Power Query makes merging two tables very quick and easy with just a few clicks. It basically uses SQL joins so you can even do more advanced merges like inner, outer, left, right, full and anti-join joins .
Create custom function
Power Query is designed so that you do NOT have to know how to code to use it. It is very easy to use because you just need to click a button and apply filters like you would normally do in Excel.
However, Power Query can be programmed to create custom functions. This gives you seemingly unlimited potential to transform your data in any way possible.
It is based on the M language and most of the functions are very similar to writing formulas in Excel. This also makes it more user-friendly and easier to learn the code.
This new language and set of functions mean there’s a lot to learn, but it’s the fun and challenging part. Plus, future employers are sure to look for employees with Power Query skills .

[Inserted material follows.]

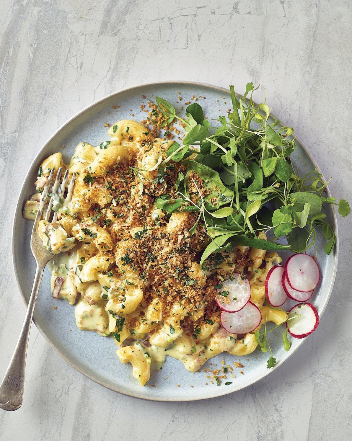 Tõsta hautis ahjuvormi, kata püreekihiga, tee kahvliga muster. Küpseta 200 °C juures 25–30 minutit, kuni pealt kuldpruun.

Power Query records your steps and automates processes
Power Query not only makes all these tasks easier, but it also records your steps so you do NOT have to do them again and again . It will save you a lot of time if you are preparing the same data every day, week or month.
It also handles errors pretty well. If the structure of your source data changes, Power Query will tell you which step is broken and allow you to fix it. This makes maintenance easy and you don’t have to redo your process when something changes
You can use Power Query to have your data ready in pivot tables, charts, and dashboard reports. This is an important step in data summarization and analysis.
Power Query Machine & Power Query BI
Power Query is just one part of Microsoft’s Power BI (Business Intelligence) product suite.
If we go back to the factory-baked cookie analogy, you might think of Power Query as the first step in the assembly line. Once cookies are formed, we then need to bake them (Pivot Tables, PowerPivot) and then package them for presentation (Power View, Power Map, Charts, Dashboards, etc.)
You can think of Excel as the factory building that contains all these tools. All these advancements in technology will help us make sense of our data in new ways, save time and impress our bosses.